5q35 deletion (Sotos syndrome)

Developmental delays and intellectual disabilities are common in children with 5q35 deletions and can range from mild to severe. Speech delays and language problems are present in most children. Behavioral problems are also common and may include autism spectrum disorder, phobias, and aggression. Most individuals are large at birth (overgrowth), have a large head size (macrocephaly), and have advanced bone age. Other medical problems that can be caused by 5q35 deletions include congenital heart problems, kidney problems, seizures, eye/vision problems, hearing problems, scoliosis, loose joints, skeletal abnormalities, and slightly increased risk for tumors. Jaundice, poor muscle tone (hypotonia), and feeding problems can occur in the newborn period. Although facial features associated with the 5q35 deletion vary between individuals, most children have a distinctive appearance characterized by a distinctive head shape, a prominent forehead, sparse hair around the forehead, downward-slanted eye openings, and a narrow jaw with a long chin.

https://www.ncbi.nlm.nih.gov/books/NBK1479/

http://omim.org/entry/117550?search=5q35&highlight=5q35

https://ghr.nlm.nih.gov/condition/sotos-syndrome

http://sotossyndrome.org/sotos-syndrome

 


7q11.23 deletion (Williams syndrome)

Developmental delays and intellectual disabilities are present in most children with 7q11.23 deletions and typically range from mild to severe.
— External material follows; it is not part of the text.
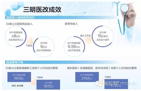將樂(lè)縣醫(yī)院收入結(jié)構(gòu)的變化,也是三明市22家公立醫(yī)院的一個(gè)縮影。22家公立醫(yī)院藥品收入由2011年醫(yī)改前的近8億元、占比四成半以上,下降至2015年的6億元、占比不到兩成半;醫(yī)務(wù)性收入則由6.59億元、占比不到四成,逐步上升至2015年的15億多元、占比近六成半。

Typically, visuo-spatial skills are a particular weakness, and verbal short-term memory and language are relative strengths. Behavioral and psychiatric problems are common and may include difficulty with emotional regulation, phobias, repetitive behaviors, anxiety disorder, attention deficit hyperactivity disorder (ADHD), and sleep problems. Some characteristic personality traits include overfriendliness, social disinhibition, and excessive empathy. Poor muscle tone (hypotonia) can contribute to delays in motor skills like learning to sit, walk, and grasp items. Feeding difficulties in infancy may occur due to poor control over the muscles in the mouth or an increased frequency of gastro-esophageal reflux. Several other medical problems can be caused by 7q11.23 deletions. Physical malformations (birth defects) can occur in multiple organs, including structural brain abnormalities, congenital heart problems, kidney and urinary tract malformations, and gastrointestinal tract problems. Other medical problems can include loose joints, scoliosis, poor growth, eye/vision problems, dental abnormalities, hypertension, high calcium levels (hypercalcemia), and hormonal problems such as hypothyroidism and early puberty. Although facial features associated with the 7q11.23 deletion vary between individuals, most children have a distinctive appearance characterized by a broad forehead, fullness around the eyes, a pattern of pigmentation around the iris of the eye (stellate pattern), thick lips, a wide mouth, a small lower jaw (micrognathia), and large ear lobes. An individual’s face may become longer and less round in adulthood.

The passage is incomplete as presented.